(INFORMATION SUPPLIED)

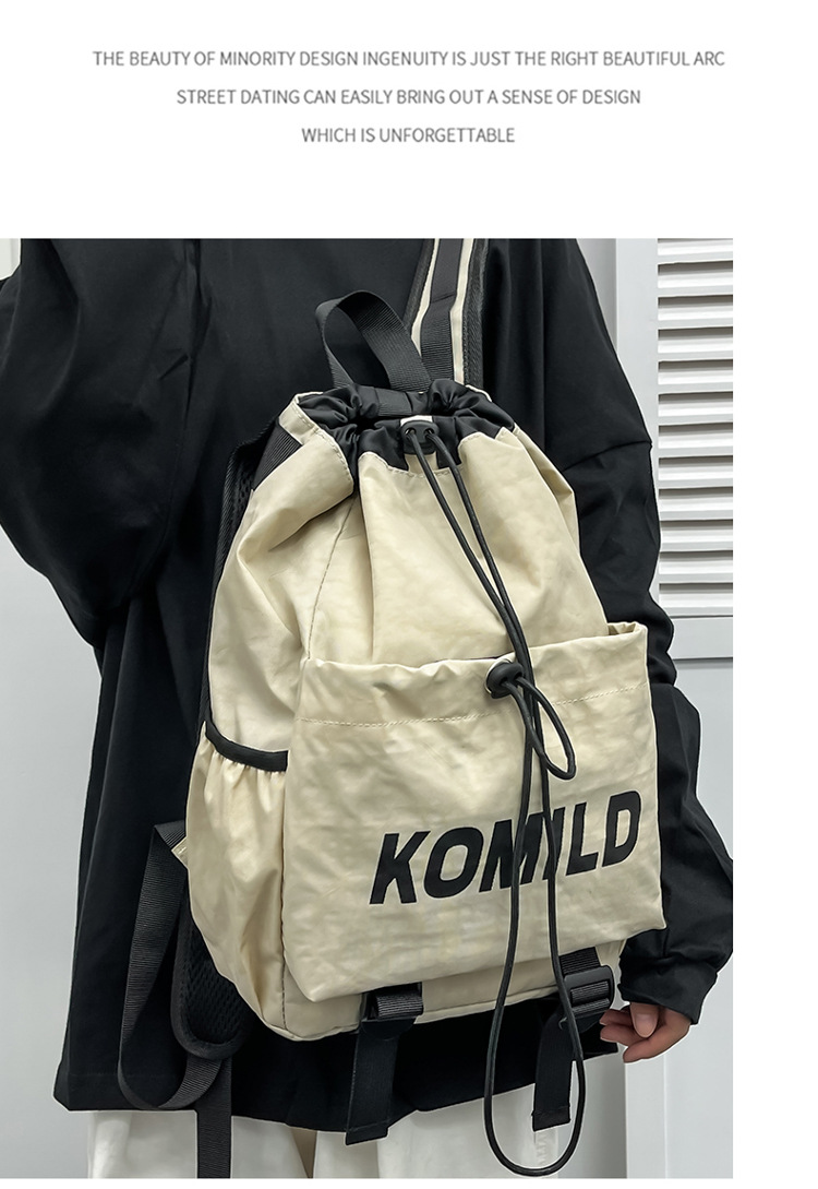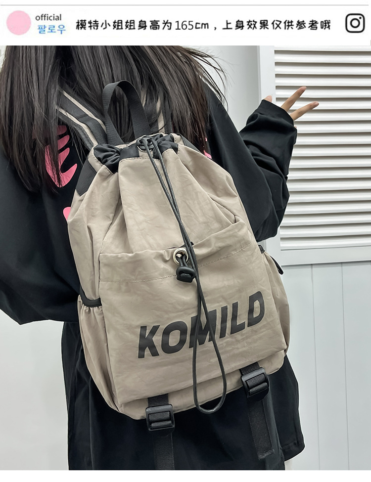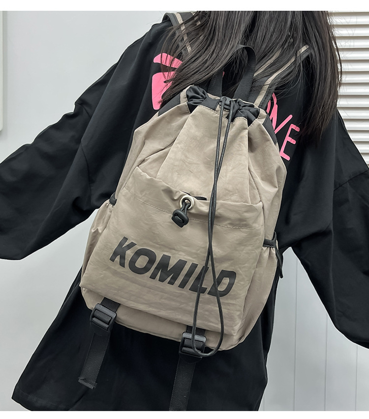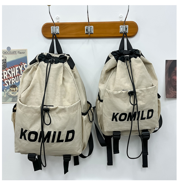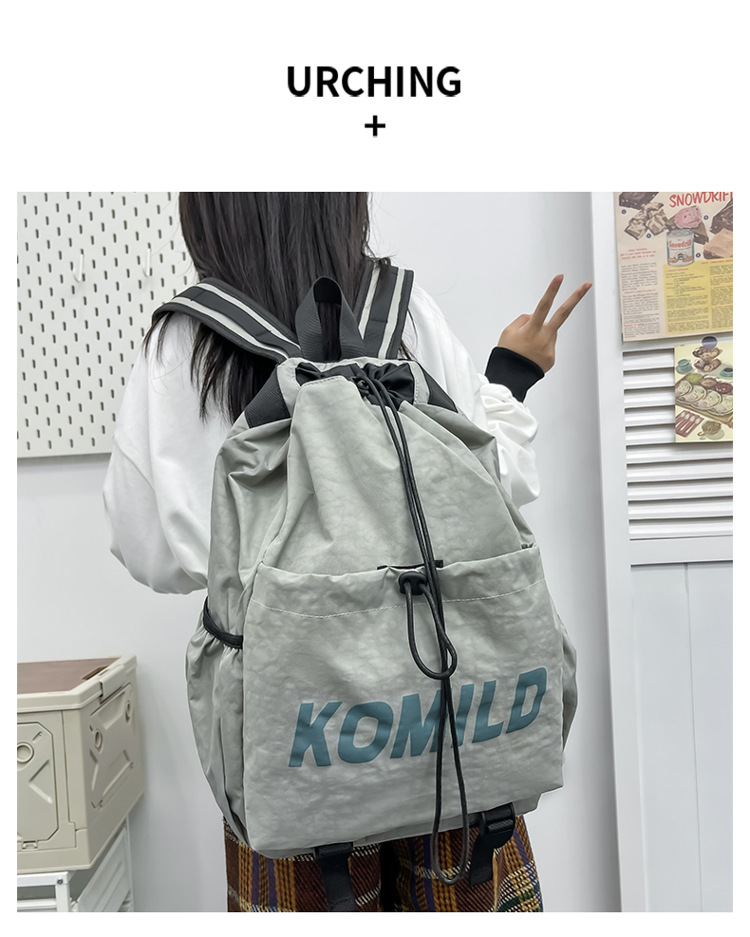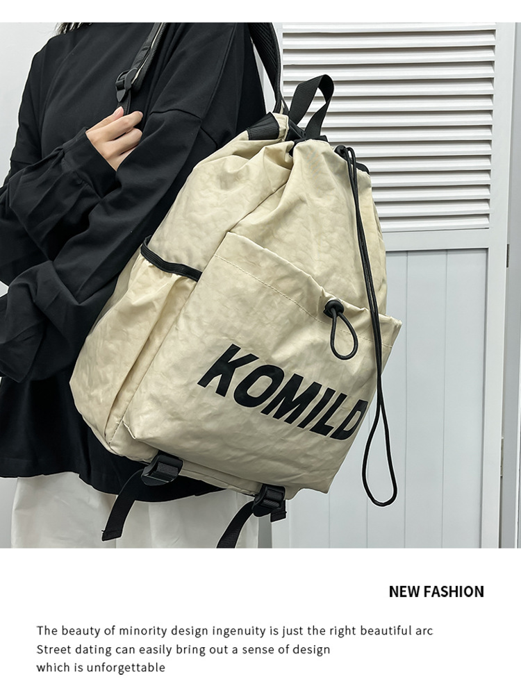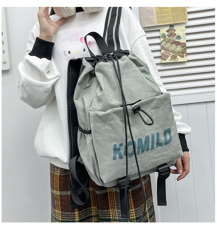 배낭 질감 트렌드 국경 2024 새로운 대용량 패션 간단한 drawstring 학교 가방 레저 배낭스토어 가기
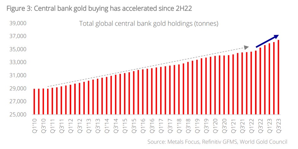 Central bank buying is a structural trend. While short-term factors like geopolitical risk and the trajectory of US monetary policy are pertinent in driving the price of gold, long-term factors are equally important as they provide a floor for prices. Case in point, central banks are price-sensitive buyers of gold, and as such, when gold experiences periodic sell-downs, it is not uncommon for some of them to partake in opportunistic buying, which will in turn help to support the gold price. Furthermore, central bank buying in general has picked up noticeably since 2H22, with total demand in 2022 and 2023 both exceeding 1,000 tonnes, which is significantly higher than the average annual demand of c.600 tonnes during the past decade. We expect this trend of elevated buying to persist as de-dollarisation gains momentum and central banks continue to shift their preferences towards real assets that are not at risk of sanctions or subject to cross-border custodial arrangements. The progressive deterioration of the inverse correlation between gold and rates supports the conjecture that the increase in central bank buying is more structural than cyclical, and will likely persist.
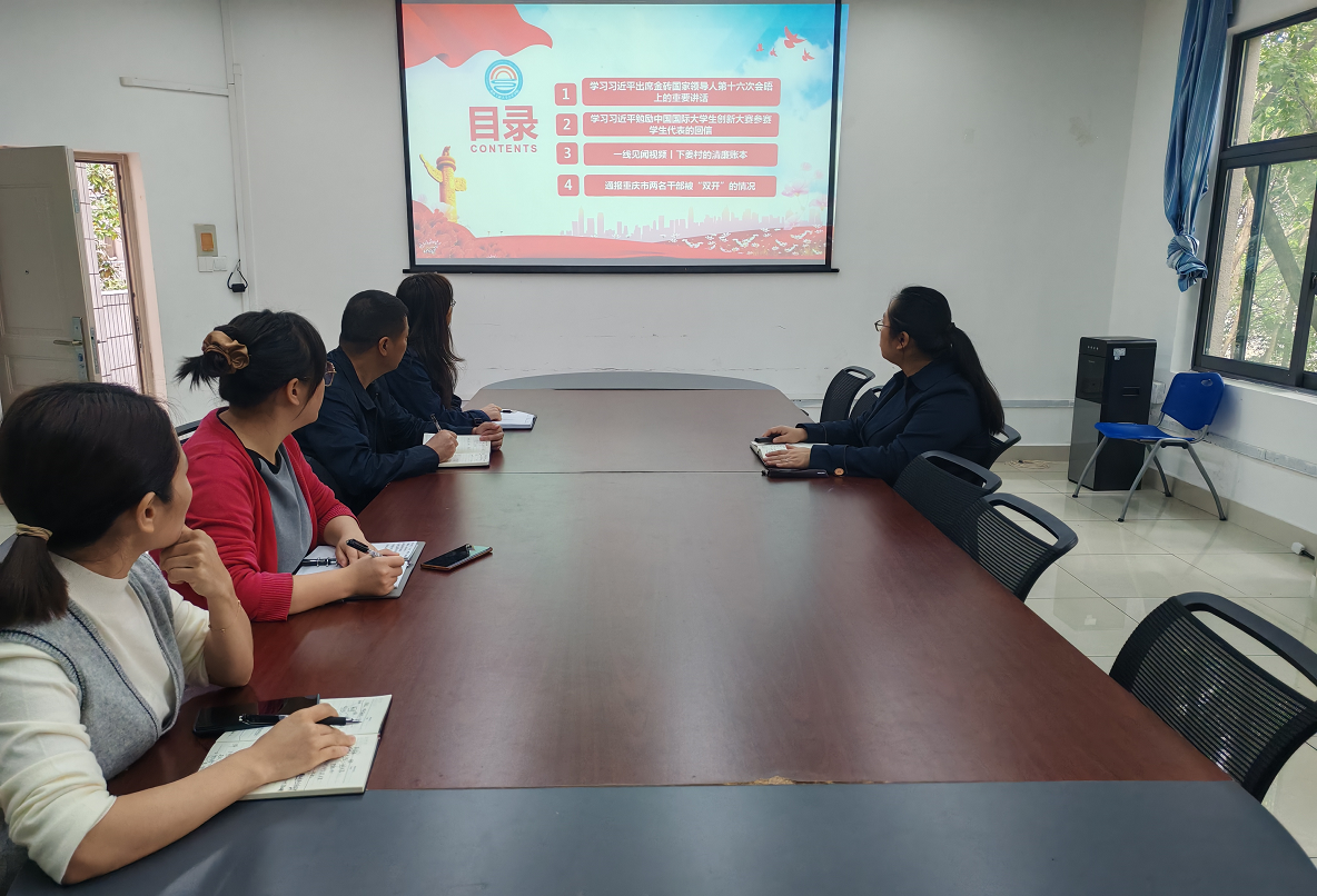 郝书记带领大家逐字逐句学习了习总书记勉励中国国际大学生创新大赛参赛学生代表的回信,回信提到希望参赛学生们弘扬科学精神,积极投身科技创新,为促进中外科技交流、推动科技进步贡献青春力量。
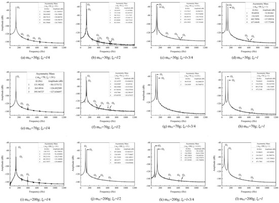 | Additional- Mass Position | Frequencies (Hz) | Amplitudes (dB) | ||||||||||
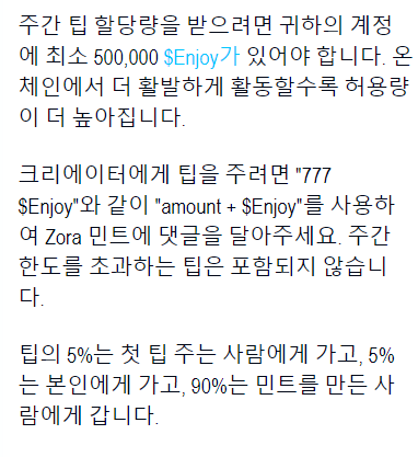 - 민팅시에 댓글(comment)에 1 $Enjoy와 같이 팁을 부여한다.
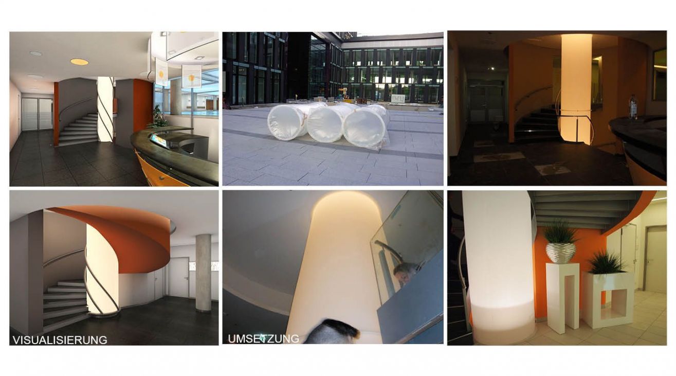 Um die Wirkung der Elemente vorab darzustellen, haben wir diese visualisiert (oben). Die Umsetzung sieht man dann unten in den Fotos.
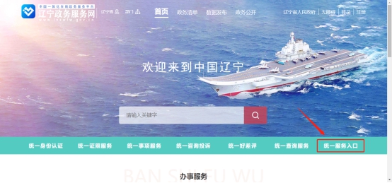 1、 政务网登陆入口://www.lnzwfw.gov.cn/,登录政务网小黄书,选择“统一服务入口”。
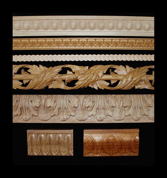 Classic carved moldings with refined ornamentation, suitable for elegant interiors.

(End INFORMATION SUPPLIED)

TASK
Exactly the lines from the one with "1、 政务网登陆入口://w" through the end of the listing above are to be repeated, with no pictures.

ANSWER TO THIS TASK
 1、 政务网登陆入口://www.lnzwfw.gov.cn/,登录政务网小黄书,选择“统一服务入口”。
 Classic carved moldings with refined ornamentation, suitable for elegant interiors.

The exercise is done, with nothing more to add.